黑衣人抱著舍雨飛沿著通往寺院的小路快速奔跑,當來到前山門時,他突然停了下來,然后機敏地往四周瞅了瞅。發(fā)現(xiàn)周圍沒有異常的情況,于是,又背起舍雨飛朝寺里飛奔。
師傅,舍總指揮受傷了,倒在后山的草叢中。山前、山后都是鬼子,我估摸著他可能是給小鬼子打傷的!枘難上氣不接下氣地說。
懸空大師聽到枘難說的話后,立即吩咐枘難:“快,快把舍總指揮背進后院的密道里?!比缓笏差櫜簧鲜帐皷|西,便跟在枘難的后面,急忙往里走。當他發(fā)現(xiàn)從舍雨飛身體上流出的血,滴在地上的血跡,便讓枘難先背舍雨飛進密道。
懸空大師唯恐還有其他血跡未能抹掉,便拿起一把刀,用力往自己的手上一割,頓時,他的手上鮮血直流。
剛包扎好不久,妙用就慌慌張張跑來說:“師傅,日本人來了,山前、山后都是小鬼子……”!
“慌什么,有師傅在,大家都別慌。大家聽我的安排,該干啥就干啥。”懸空大師對他的徒弟說。
就在這時,寺院里突然闖進許多荷槍實彈的日軍士兵。w*w*w.3*9*t*x*t.c*o*m 全站無彈窗廣告閱讀盡在3__9_小說網(wǎng)這些日軍士兵進到寺院后,立即團團包圍了寺院。

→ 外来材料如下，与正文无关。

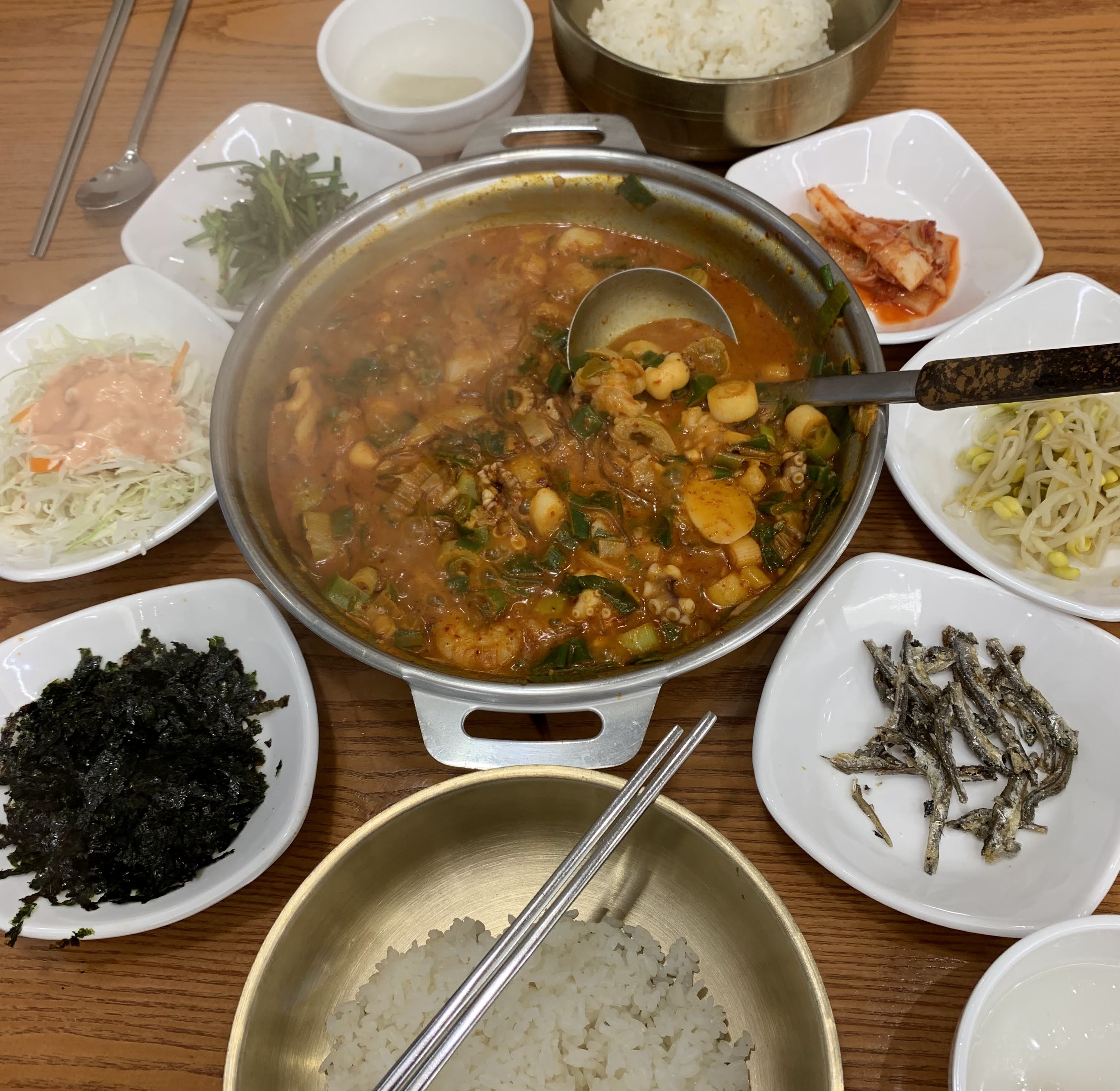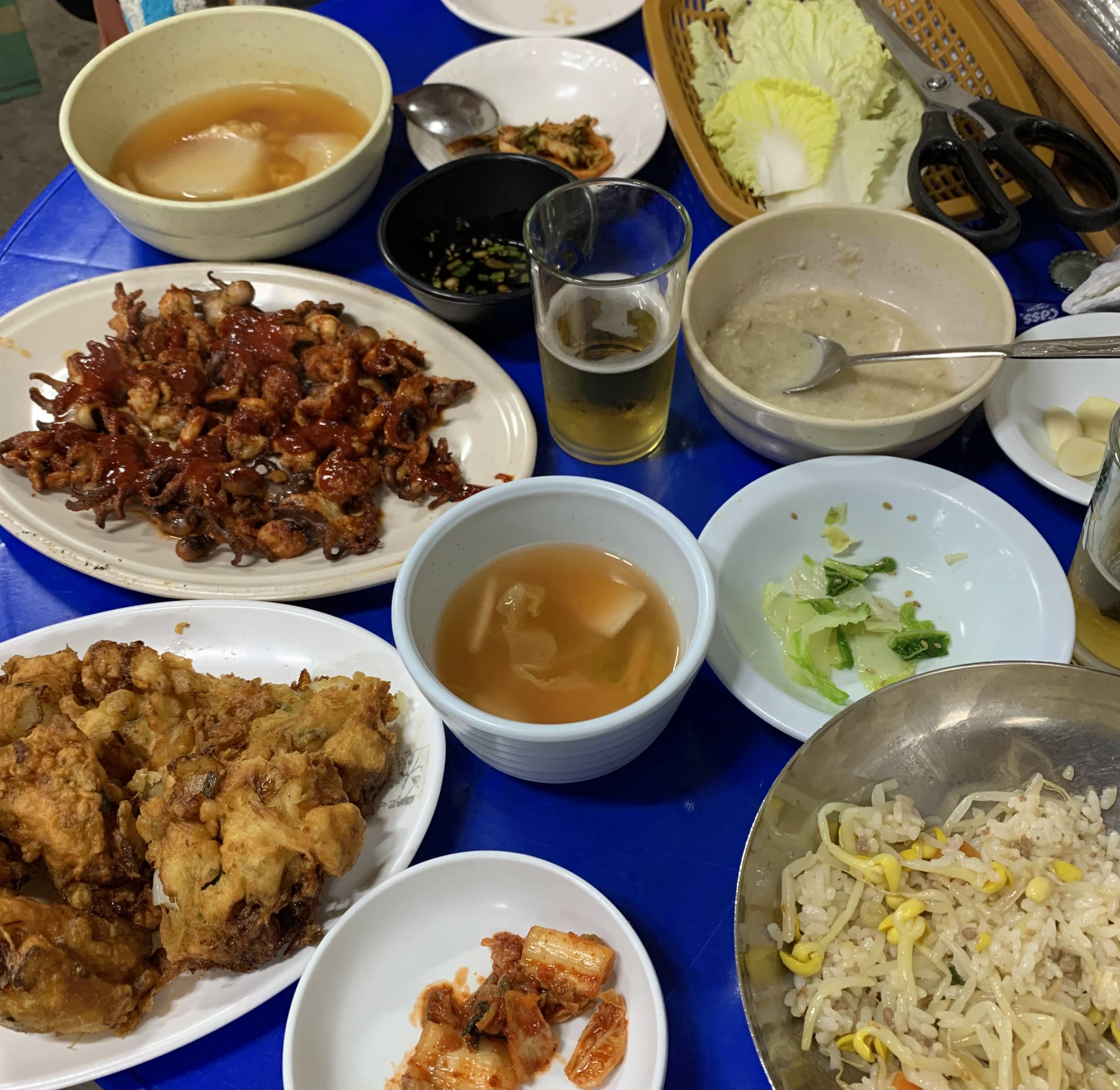 もやしご飯・チュクミ(イイダコ)・チヂミ・ビール 全¥3000くらい
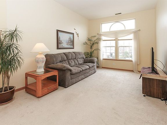 Meticulously maintained 2 bedroom, 2 bath penthouse end unit with open concept and soaring ceilings and over 1600 square feet Amazing kitchen with white cabinets, gorgeous quartz counters, huge pantry, hardwood floors, center island and eating area. Light and bright Family Room/Den with skylights and sliding doors to balcony. Spacious master suite with vaulted ceilings, walk-in closet and large bath with double sinks and shower with built-in seat. Add to this a prime interior location surrounded by flowering trees. Close to expressways and shopping yet tucked away with walking paths and a pond. Award winning schools including Conant High School make this one a must see!!
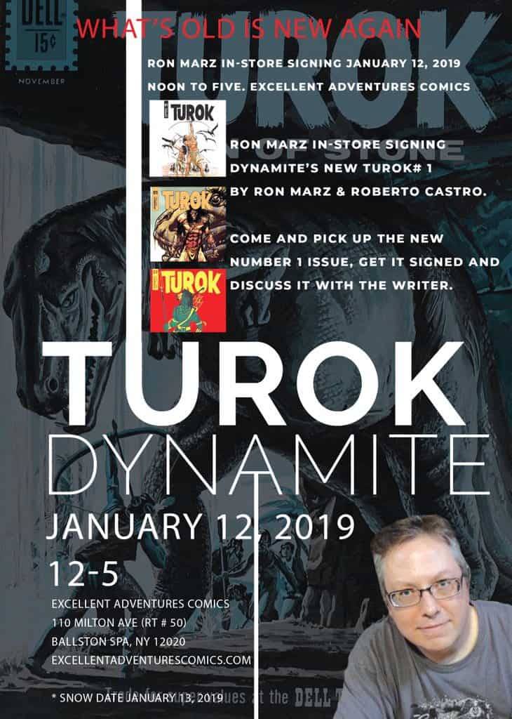Ron Marz, writer of Dread Gods, Harbinger Renegade, Skylanders, Witchblade, Green Lantern, Silver Surfer, and more, appears at Excellent Adventures Comics on Saturday, January 12, 2019 from noon till 5:00 PM to sign TUROK #1 from Dynamite Entertainment.
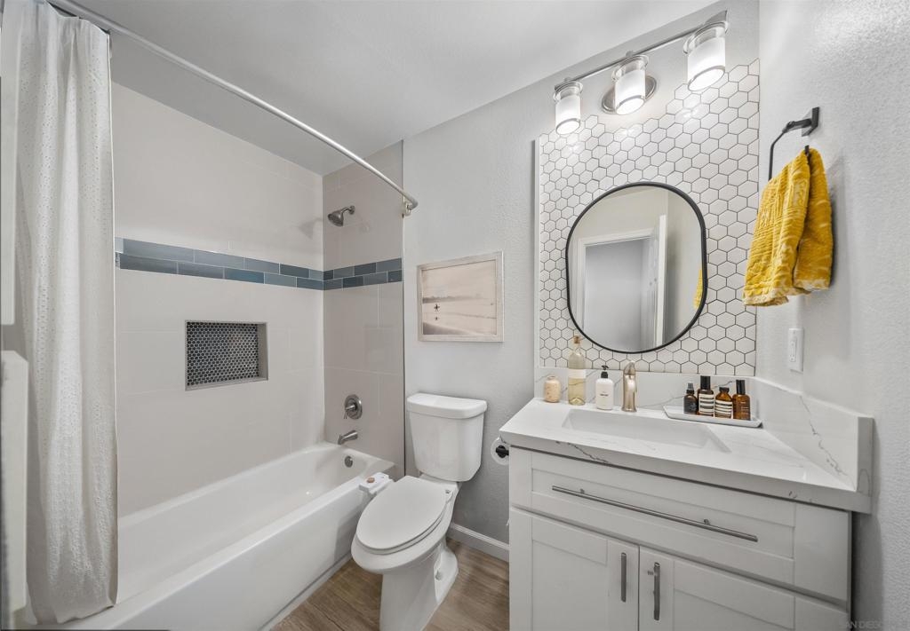 A rare opportunity to own in the Genesee Highlands community of University City. Step into this thoughtfully updated townhome, which blends warm natural textures with a clean, contemporary aesthetic. The inviting living space features modern plank flooring, shiplap walls, and curated design elements that offer both comfort and sophistication. The kitchen is stylish and functional with custom backsplash tile, quartz countertops, and an open layout ideal for entertaining. A remodeled bathroom, ample storage, and two designated parking spaces—one covered, one uncovered—add to the home's convenience. Enjoy your own private and serene backyard patio, with direct access from your covered parking space for added ease. Resort-style amenities include a community pool, playgrounds, picnic areas, and beautifully maintained greenbelts. Ideally located just minutes from UCSD, UTC Mall, and the new trolley line, and with quick access to the 5 and 805 freeways, this home offers unmatched connectivity to everything San Diego has to offer. The unit also benefits from its proximity to Cargill Avenue, which provides ample open street parking—making it exceptionally easy for guests to visit, a rare perk in San Diego. For a beautiful and brief video presentation of this property and its surrounding amenities, be sure to scan the QR code on display when visiting the property.
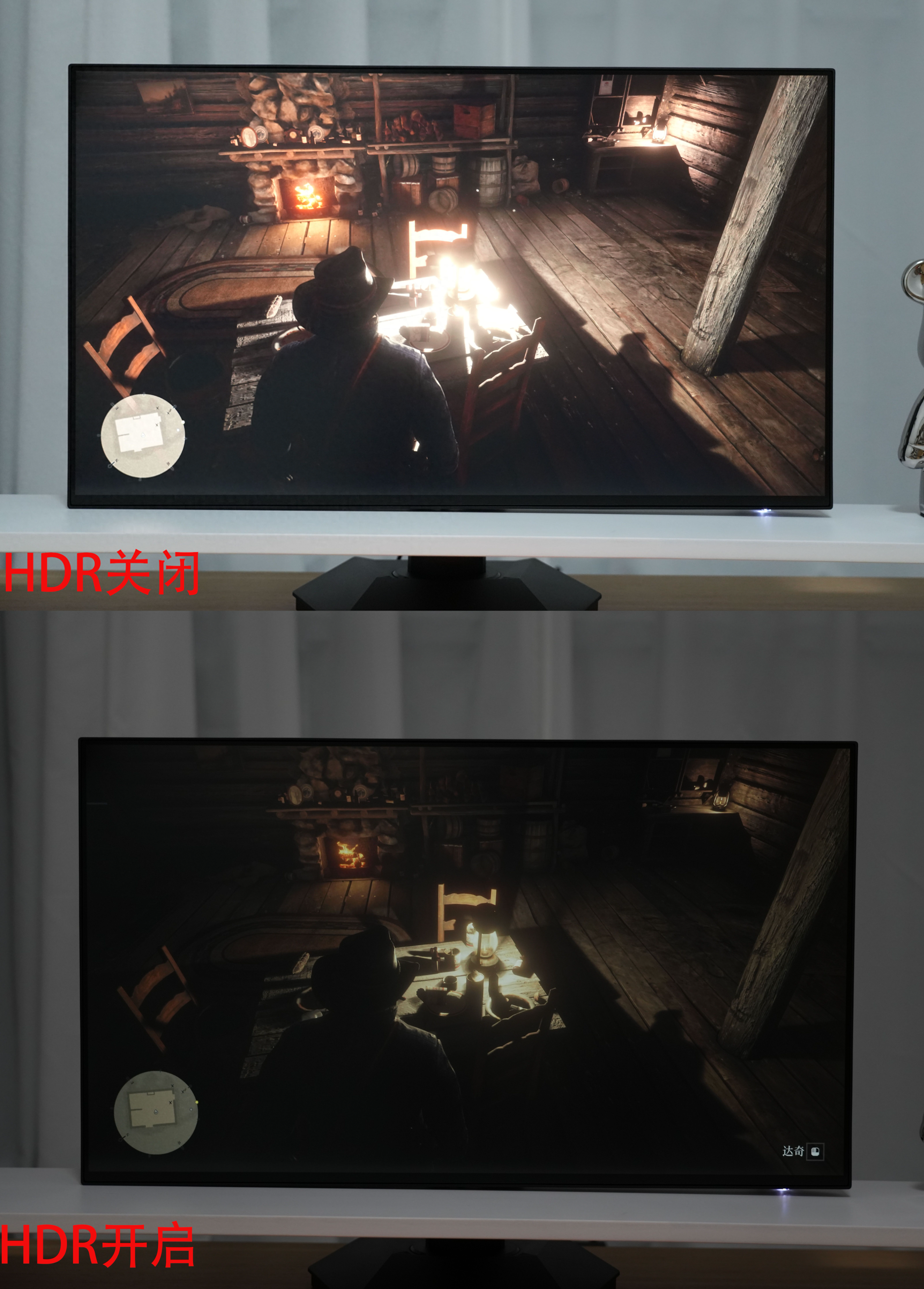通過玩《荒野大鏢客:救贖2》在室內的燈光前面可以看到,開啓HDR之後,細節與顏色更加到位。
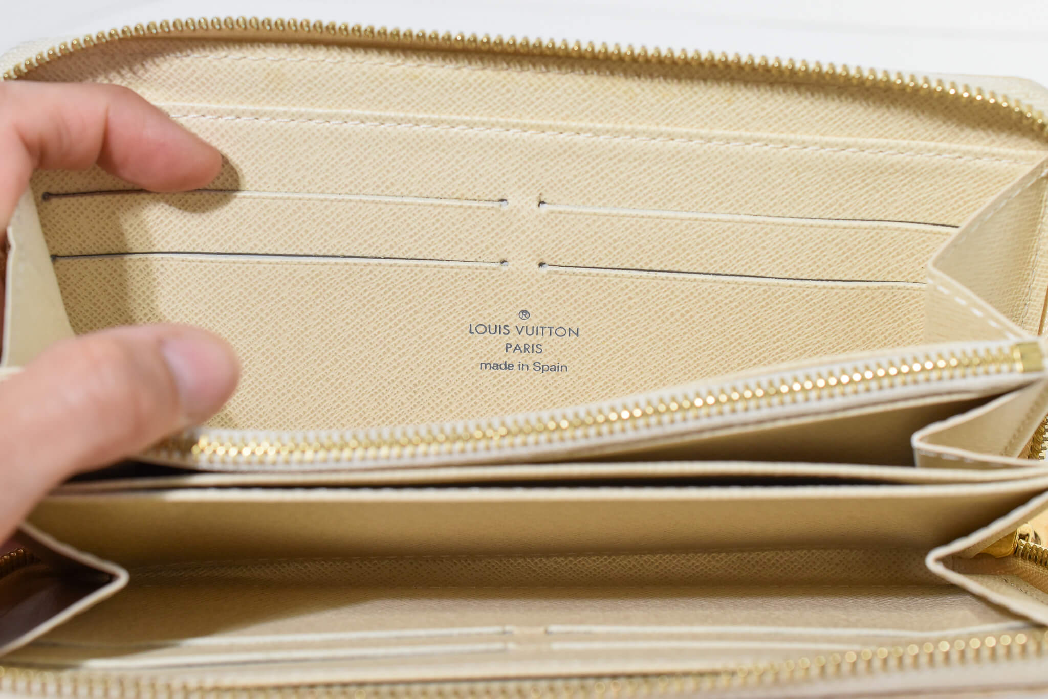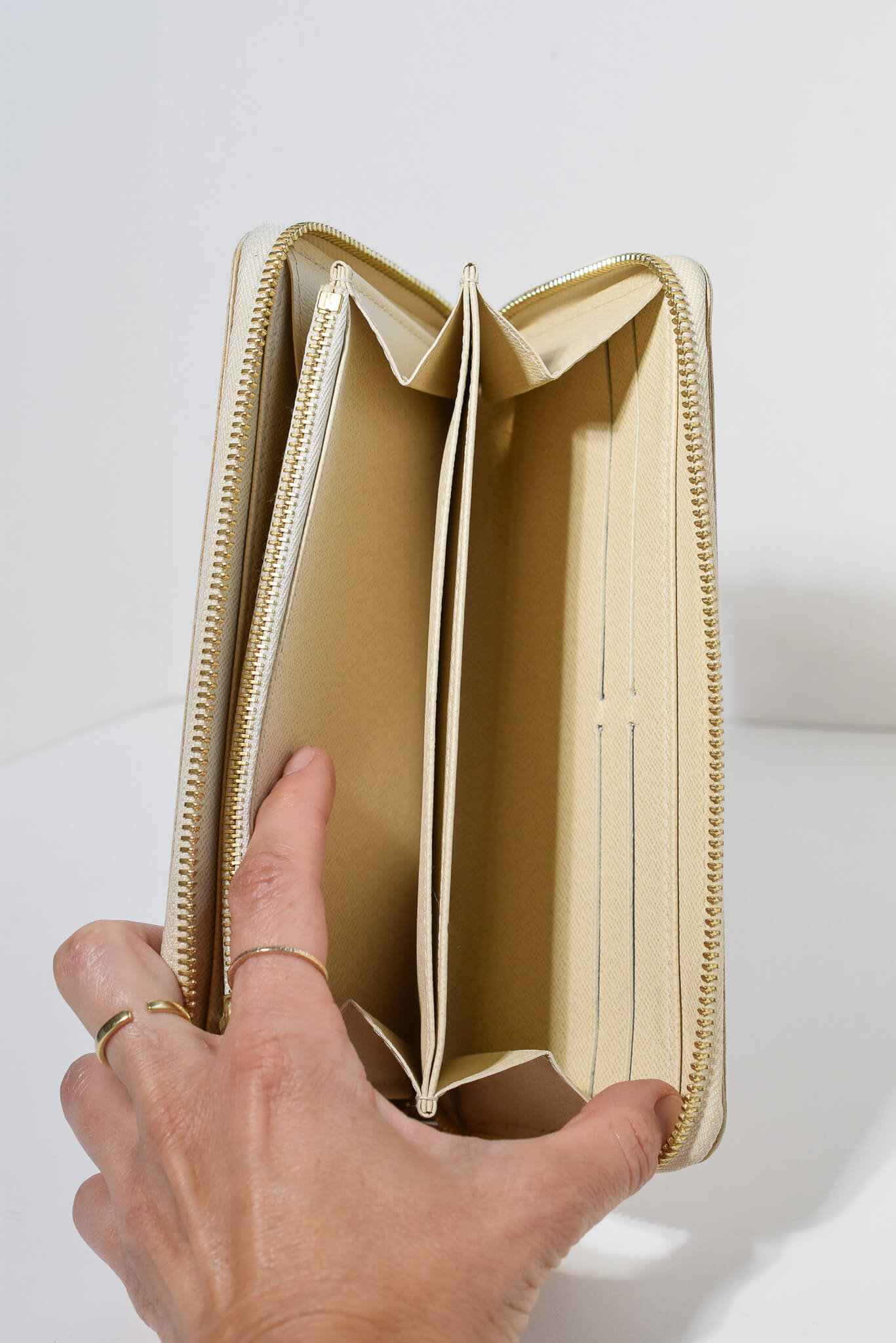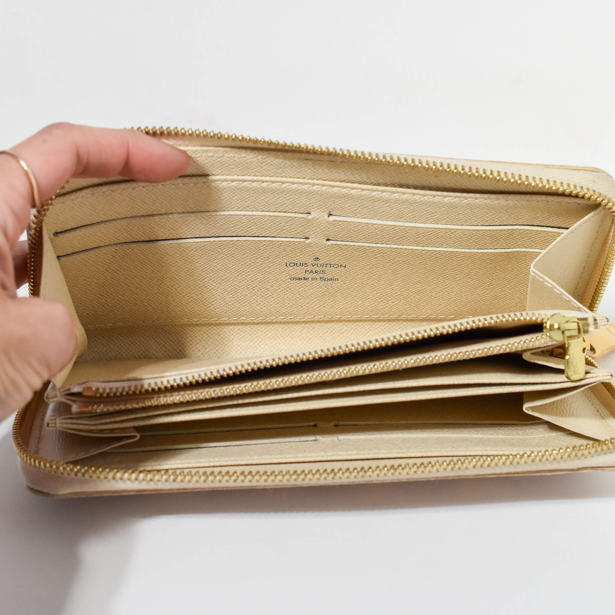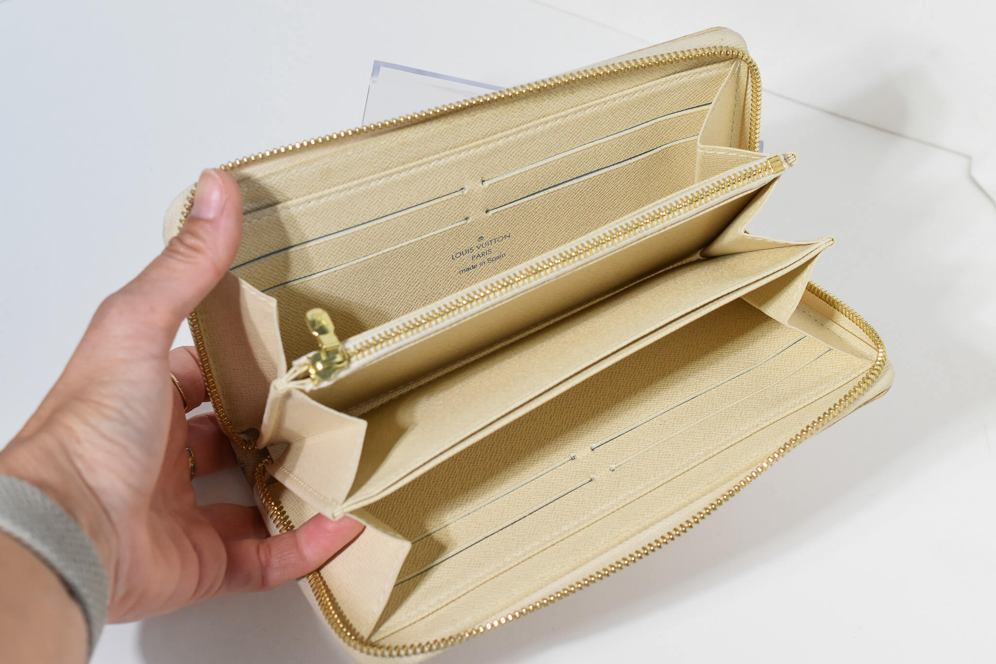 The wallet has a 3/4 wrap-around polished brass zipper that opens to an ivory leather interior with a center zipper pocket and card slots. Its hard to find Damier Azur in such excellent condition.
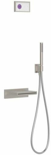 Fehér elektronikus vezérlőpanel Falba építhető elektronikus 2 utas belső egységet tartalmazza Acél cascade kádbeömlő Vízkőmentesített kézi zuhannyal és fali tartóval Szatén zuhanytömlővel Acél színben

懸空大師看到日軍士兵一個個兇神惡煞,知道今天是禍躲不過,便急忙朝領(lǐng)頭的一個日軍軍官迎過去。
“阿彌陀佛!貧僧不知各位軍爺光臨本寺,有失遠迎,多有得罪!” 懸空大師朝領(lǐng)頭的那個日軍軍官說。
只見那個年青的日軍軍官非常傲氣地朝懸空大師看了看,然后又往四周瞧了瞧。
這時,又見一個日軍軍官來到這個年青的日軍軍官前報告說:“旅團長,我們的士兵已經(jīng)包圍了這個寺院,他就是有天大的本領(lǐng),也飛不出咱們的手掌心!哈哈哈!”
“佛門勝地,不知各位軍爺荷槍實彈到此地有何指教?出家人以慈悲為懷,阿彌陀佛!” 懸空大師再次朝領(lǐng)頭的那個日軍軍官說。
山田旁邊的一個日軍軍官看到將軍跟前有一個身穿袈裟,雙手合十,念著阿彌陀佛的和尚,于是便瞪著懸空大師,然后又朝懸空大師大聲呵斥:“八格,什么東西,竟敢對將軍如此說話……?!痹掃€未說完,便惡狠狠地拿著指揮刀欲砍向懸空大師。其他的日軍也紛紛端起上著明晃晃的刺刀的槍,圍著懸空大師轉(zhuǎn)。
“黑目君,休得無禮!怎么可以以如此的方式對待高僧呢?下去。”只見這年青的日軍將軍冷眼瞅了瞅懸空大師,故意壓低聲音制止他的手下不禮貌的行為。
“嗨!”黑目收起了手中的指揮刀,朝其他日軍一揮手,然后退到了這位年青的日軍將軍身后。
“大師,打擾了!剛才我的部下多有得罪,請多原諒。”此時,日軍將軍收斂了剛才他冷酷、傲慢的形態(tài),突然顯得彬彬有禮,態(tài)度和藹可親地對懸空大師說。
“阿彌陀佛!善哉,善哉!這位軍爺儀表堂皇,有超脫凡人的氣質(zhì),一看就知道軍爺你是大富大貴之人??!” 懸空大師微微笑著對日軍將軍說。
“大師,鄙人山田南一,久聞寶雄寺和方丈的名聲,早已想來瞻仰,今天終于得見真容,真是我山田南一的萬幸之事!”此時的山田在懸空大師的面前顯得非常有涵養(yǎng),說出的話也非??蜌夂椭t遜。
“阿彌陀佛!善哉,善哉!有朋自遠方來不亦樂乎……各位,請隨老僧到里院用茶。妙清,準備廂房,招呼各位軍爺!”懸空大師還是咪咪笑著對日軍將軍說。